Study of ThermoDox With Standardized Radiofrequency Ablation (RFA) for Treatment of Hepatocellular Carcinoma (HCC)

Hepatocellular Carcinoma Clinical Trial

— OPTIMA  

Official title:

A Phase III, Randomized, Double Blind, Dummy-Controlled Study of ThermoDox® (Lyso-Thermosensitive Liposomal Doxorubicin-LTLD) in Hepatocellular Carcinoma (HCC) Using Standardized Radiofrequency Ablation (RFA) Treatment Time ≥ 45 Minutes for Solitary Lesions ≥ 3 cm to ≤ 7 cm

Clinical Trial Details — Status: Completed

Administrative data

• NCT number: NCT02112656
• Other study ID #: 104-13-302
• Status: Completed
• Phase: Phase 3
• Start date: June 2014
• Est. completion date: August 31, 2018

Study information

• Verified date: October 2018
• Source: Celsion
• Contact: n/a
• Is FDA regulated: No
• Study type: Interventional

Clinical Trial Summary

The purpose of this study is to determine whether ThermoDox, a thermally sensitive liposomal doxorubicin, is effective in the treatment of non-resectable hepatocellular carcinoma when used in conjunction with standardized radiofrequency ablation (sRFA).

Description:

This is a Phase III, randomized, double blind, dummy controlled safety and efficacy study of ThermoDox plus sRFA compared to sRFA plus dummy infusion using standardized treatment dwell time for solitary HCC lesions ≥ 3.0 cm to ≤ 7.0 cm. An sRFA treatment for this protocol is defined as the dwell time of ≥ 45 minutes measured from the first activation of the RFA probe through removal of the RFA probe after the final ablation cycle or deployment.

The 50 mg/m2 ThermoDox or dummy infusion will be administered IV over 30 minutes. As part of blinded pre-medication ThermoDox treated subjects will receive 20 mg of dexamethasone orally 24 hours prior to the drug infusion for infusion reaction prophylaxis. Subjects on the control arm will receive a matching dummy pre-medication pill orally at 24 hours prior to infusion of the study treatment. Thirty minutes prior to receiving the ThermoDox infusion, subjects will receive a blinded dose of 20 mg of IV dexamethasone, 50 mg IV diphenhydramine and either 50 mg of IV ranitidine or 20 mg of IV famotidine. Subjects on the control arm will receive a masked dummy pre-medication pill orally at 24 hours prior to infusion of the study medication, and a dummy infusion 30 minutes prior to dummy infusion of Sodium Chloride 0.9% or 5% Dextrose (D5W). RFA will be initiated approximately at a minimum of 15 minutes after the initiation of study drug infusion and should be completed no later than 3 hours after study drug infusion initiation. The goal is to reach a > 45 minute dwell time which can be achieved by employing at least four ablation cycles or deployments in order to ablate the tumor as well as a 360º 1.0 cm tumor-free margin surrounding the tumor.with an estimated overall procedure time of less than 3 hours.

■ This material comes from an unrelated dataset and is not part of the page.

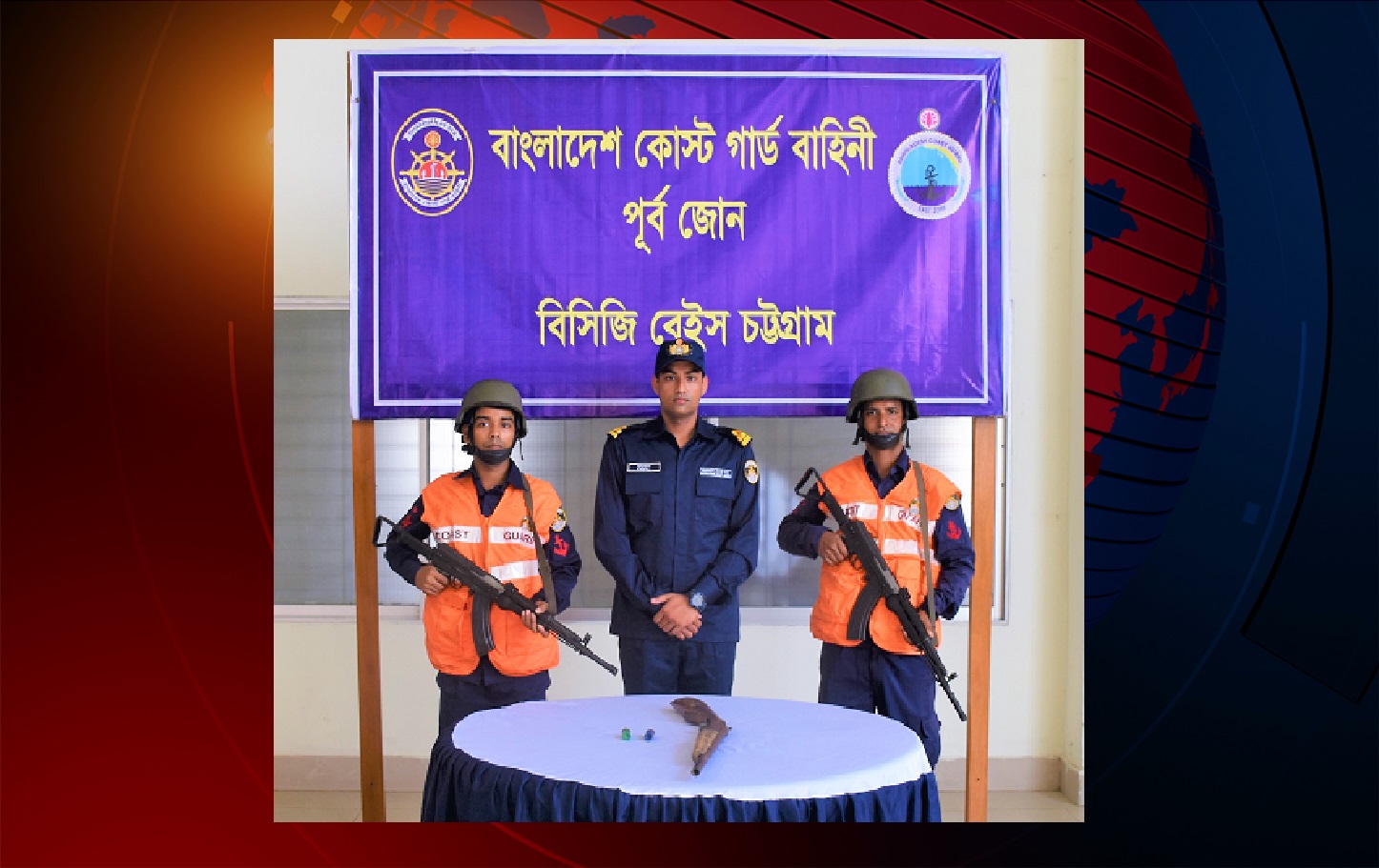 কোস্ট গার্ড জানায়, গোপন সংবাদের ভিত্তিতে শনিবার দিবাগত রাত ৪ টার দিকে আনোয়ারা থানার আওতাধীন গহিরা এলাকায় একটি ডাকাতদল ডাকাতি করার প্রস্তুতি নিচ্ছিল এমন সংবাদের ভিত্তিতে বিসিজি বেইস চট্টগ্রামের একটি টহলদল অভিযান পরিচালনা করে ০১ টি দেশীয় বন্দুক ও ০২ রাউন্ড কার্তুজ জব্দ করে।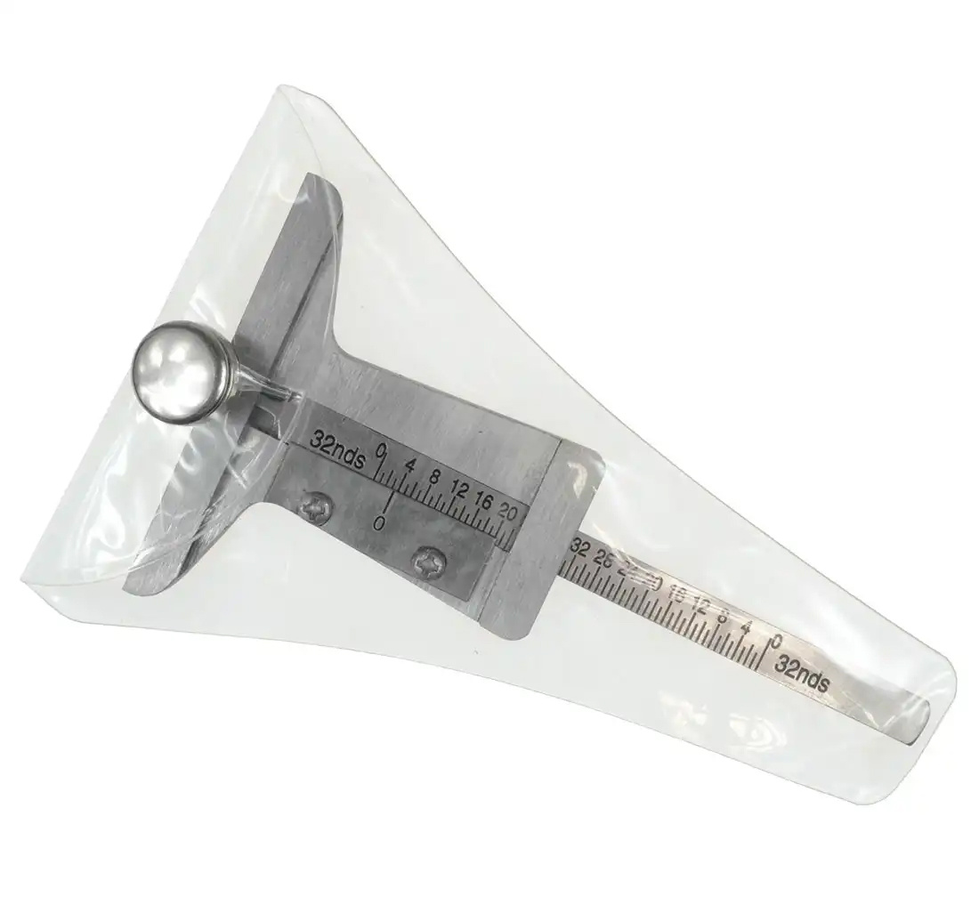 Simply fit the probe into the groove and read the result. Small size of the tool means an easier using and storing of the tool. Plus to that, the tool has two scales: in millimeters and inches. If you want to change the scale, simply turn the scale.

A subject who has an incomplete ablation is eligible for 1 retreatment procedure within 21 days after the radiological imaging exam showing residual disease at Day 28. Subjects will be retreated only once with the same RFA equipment and treatment assigned at randomization. Subjects with a complete ablation after retreatment will be followed both for PFS and for OS.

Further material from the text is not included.